Drinks Before a Meal
If Sherry makes you drowsy, and Whisky does not appeal to you, try some of the other appetisers which are light in texture and not too intoxicating. They make an excellent prelude to a meal because their delicate flavour doesn’t overwhelm the taste-buds. If on the other hand you need a pick-me-up, go for one of the Anis or Aquavit spirits.
Vermouth is an extremely popular drink in Britain, and is most commonly taken straight and sweet, on and off the rocks, or as a mainstay to many cocktails. ‘French’ Vermouth is dry and white, and ‘Italian’ sweet and red, but the words have no specific geographical signifi-cance, because other wine-producing countries make both kinds. Vermouth is blended according to strictly guarded formulae, but is basically wine infused with a variety of herbs and spices, and usually fortified with Brandy. Its origins are believed to date back to the fifth century BC: they may have been evolved in Ancient Greece by Hippocrates. The oldest known commercial producer is Carpano, who began producing his Vermouth in the eighteenth century, and the family is still going strong today. The word is believed to derive from the German wermutwein, the name for a highly-esteemed medicine, consisting of wine and wormwood.
There is a wide variety of brands available today, so it is best to try them all and then — since flavours differ quite considerably — choose the one most suited to your palate.

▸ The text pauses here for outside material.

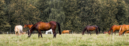 Beautiful natural landscape. Beautiful horses in the pasture. The horses are in the paddock. Livestock.

Cinzano, with Martini and Rossi, is probably the most widely known brand name. The company is based in Turin, and in addition to the famous Bianco, also produces a world-renowned red. Half-and-half Cinzano Bianco and soda in a tall glass with a twist of lemon and lots of ice, makes a light, refreshing drink.
For a more decorative look, fill a glass with cracked ice, add red vermouth, a few dashes of Curacao, a teaspoon of sugar and stir. Add fruit, a sprig of mint and a couple of straws.
Chambery is probably the least known Vermouth, but it is quite outstanding — light, clear and fresh. Like many good things, it isn’t easy to obtain, but certain specialist wine-shops do stock it. It comes from the Savoy Alps of France, and is a registered trade name. Of the four producers, the oldest is Dolin, founded in 1821, the producer, too, of Chamberyzette, a delicate dry Vermouth, flavoured with the juice of wild strawberries. (Another name to look for is Gaudin.) Like all Vermouths, it is best served well-chilled and will mix happily with gin, in whatever glass you care to choose. Other branded Vermouths to try are Dubonnet, St. Raphael and Lillet. Vermouths may be served however you enjoy them most, but are probably at their best in tall glasses, with lots of ice and a long twist of lemon peel. Add soda for a longer drink, or Vodka for extra verve.
Punt e Mes
Punt e Mes is a deluxe Vermouth from Carpano of Turin. It has a distinctive bitter-sweet taste, and to my mind it is best served with ice and a slice of lemon in a long glass, although it gets along well with gin or soda. Its taste is clean and positive, and if you drink two or three, you won’t feel drowsy after lunch.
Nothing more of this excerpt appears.